**Collected data**
[Start of Attachment]

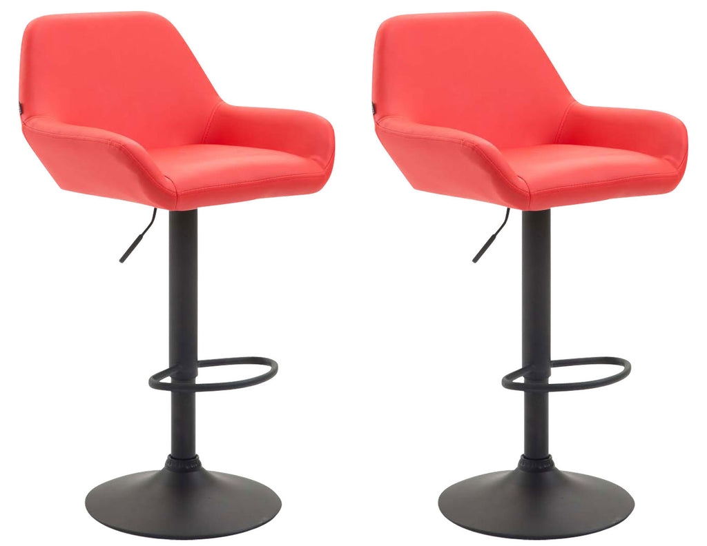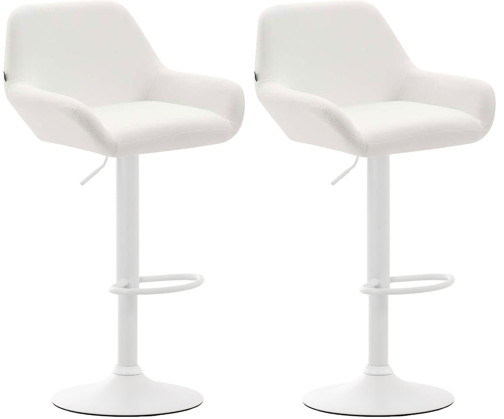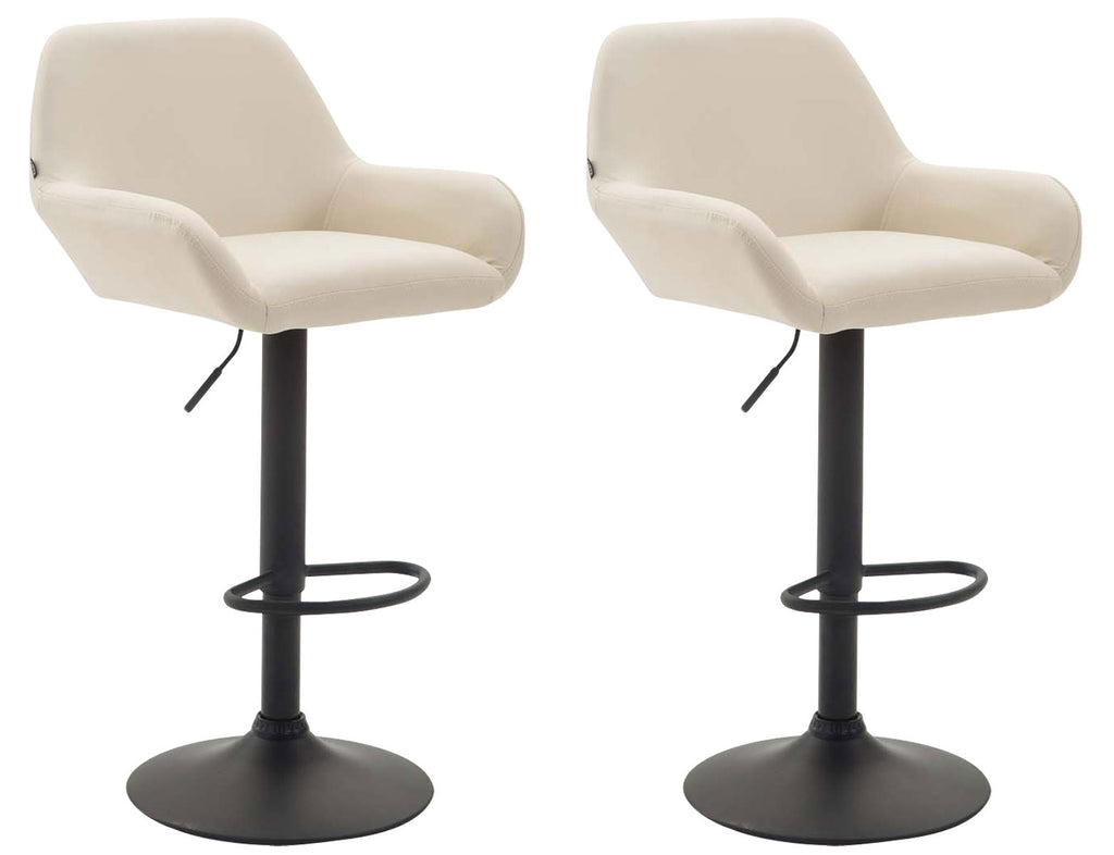 De barkruk bestaat uit een fauteuilvormige, dik gevoerde zitting met een kunstleren bekleding. Dankzij de gevoerde zitting en rugleuning biedt de barkruk een hoog zitcomfort. De zitting van de barkruk is 360° vrij draaibaar en zit bijzonder comfortabel dankzij de ergonomisch gevormde zitting. Het frame van matzwart metaal met trompetonderstel geeft de barkruk de nodige stabiliteit. Door middel van een gaslift is de barstoel traploos in hoogte verstelbaar en eenvoudig aan te passen aan iedere baliehoogte. De geïntegreerde voetsteun is eveneens gemaakt van matzwart metaal en biedt ook gedurende langere tijd een comfortabel en veilig zitcomfort. Onder de trompetbasis bevindt zich een vloerbeschermer die uw vloer beschermt tegen lelijke krassen. Vuil kan eenvoudig worden verwijderd met een vochtige katoenen doek en een geschikt stofzuigeropzetstuk. De Braga barkruk is verkrijgbaar in veel verschillende zitkleuren. Kies je persoonlijke favoriet uit maximaal acht kleuren: bruin, crème, grijs, groen, oranje, rood, zwart of wit. Materiaalsamenstelling: 100% polyurethaan
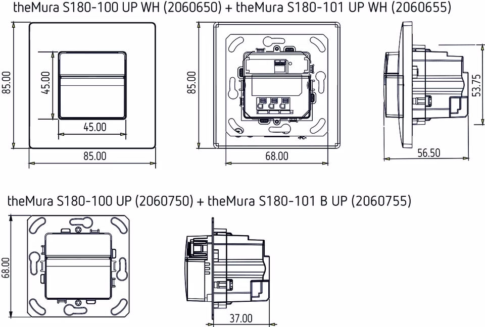 Passive infrared motion/presence detector for flush-mounted wall installation, slave version, without cover frame, cover frame for integration into common switch ranges available as an accessory, semicircular detection range 170° up to 14×17 m, detection range can be restricted, integrated push button (can be blocked)
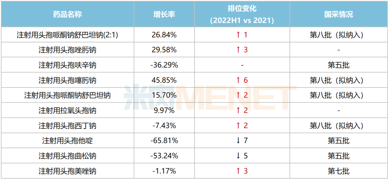 从2022H1中国公立医疗机构终端头孢类抗菌药TOP10产品看,除了注射用头孢唑肟钠、注射用拉氧头孢钠,其余8个产品已被纳入/拟纳入国采,其中被纳入第五批集采的注射用头孢呋辛钠、注射用头孢他啶、注射用头孢曲松钠销售额均出现下滑,排位不变或下滑。
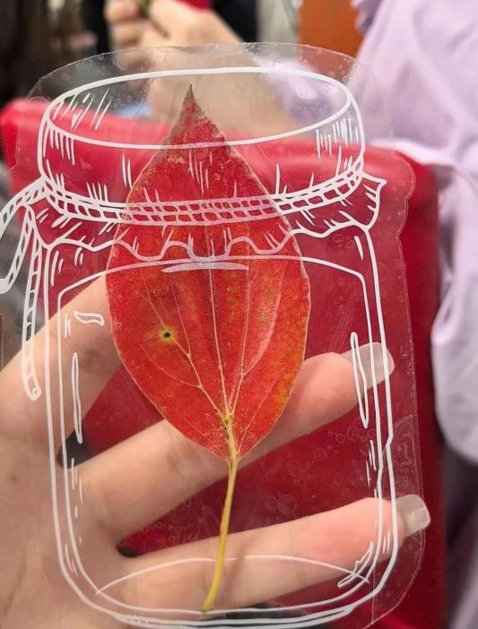 同学们找寻了心目中最美的秋日落叶,小心的将他们“请”进透明书签中。每个人在记录秋日美的同时,也慢慢与那个鲜活的自己相遇。

[End of Attachment]

**What this task involves**
At the line containing "从2022H1中国公立医疗机", start reproducing exactly, and stop after the last line of the listing; include both ends, and leave the pictures out.

**Output for this exercise**
 从2022H1中国公立医疗机构终端头孢类抗菌药TOP10产品看,除了注射用头孢唑肟钠、注射用拉氧头孢钠,其余8个产品已被纳入/拟纳入国采,其中被纳入第五批集采的注射用头孢呋辛钠、注射用头孢他啶、注射用头孢曲松钠销售额均出现下滑,排位不变或下滑。
 同学们找寻了心目中最美的秋日落叶,小心的将他们“请”进透明书签中。每个人在记录秋日美的同时,也慢慢与那个鲜活的自己相遇。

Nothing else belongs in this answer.